Attack the Block

I heard other movie reviewers and bloggers raving about this film all summer.  When it finally came to my theater, it was only here for a week.  It didn’t get marketed the same way many other films are, so a lot of people who probably would have loved it didn’t know about it.  Well, I’m glad I got the chance to see it, because I loved it!  It is not for everyone, because it’s rated R for some violent death scenes and for language, (but it’s cussing with an accent!  See my dialogue analysis here), but it was different from your typical hero-vs-alien story, and it had one of the best character arcs of the summer.

Fair warning, this review is pretty spoiler-y.  Stop reading now if you don’t want to know what happens.

In the beginning, we see Sam, a young nurse, walking home amidst sidewalk chaos and fireworks (because it’s Guy Fawkes Day).  She is accosted and mugged by a gang of juvenile delinquents, led by the toughest of the little tough guys, Moses.  (I don’t really think he’s comparable to the Biblical Moses figure, except that he leads the group.)  The mugging is interrupted by something falling from the sky and crash-landing into a nearby parked car.  It’s a creature, that claws Moses’ face when he investigates, and then runs off.  Filled with furious anger, Moses leads his gang after alien to exact a violent revenge.

And boy, is it violent.  The boys’ group kill was very reminiscent of Lord of the Flies, the way they all join in and chant around the dead body afterwards.  I was a little shocked by how violent they were, how they were so easily persuaded to join in a murderous act.  But it’s not that much of a stretch for them, growing up on the streets in this neighborhood where strength and violence rule, (as demonstrated by the drug-dealing Hi-Hatz, who perpetually pulls out a gun and spits “this is my block!”).  The boys are pretty proud of themselves, thinking they’ve somehow proven their manhood.  And Moses accepts an invitation by Hi-Hatz to become on of “his” boys and climb that social ladder.  Because that’s legitimately the path he sees as being the most successful.

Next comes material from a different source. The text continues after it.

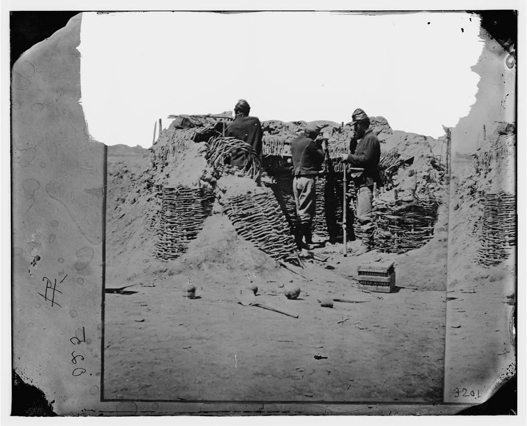 Dutch Gap, Virginia. Picket station of Colored troops near Dutch Gap canal. Library of Congress.

But then, the boys see more capsules meteoring to earth.  And they rile themselves up to go “killin’ ’em straight up!”, only to find that these new creatures are bigger, fiercer, and more dangerous and deadly than their first extraterrestrial victim.  But before they can make it safely back indoors, Sam identifies the hoodlums and the police arrest Moses, locking him inside their van just before they are conveniently eaten by aliens.  The rest of the gang distract the aliens (with firecrakcers) and free Sam and Moses from the police van.

“Ain’t you gonna thank us for saving your life?” snaps Moses.  “My [effing] hero,” responds a still-angry-about-being-mugged Sam, yet she stays with the gang for the rest of the film (out of necessity).  At one point, a boy spouts logic that he probably learned from watching movies and concedes, well, yeah, we attacked her, but then we saved her, so everything was cool.  “We’re heroes,” he proclaims. Sam’s assessment of the situation is less romantic; “Five of you with knives against one woman?  [Eff] off.”  I liked that this story didn’t gloss over the boys’ faults, and didn’t add to the plethora of films that proclaim past errors can be negated by a noble deed or a grand gesture.

is it safer to stay in the elevator, or make a run for it down the hall?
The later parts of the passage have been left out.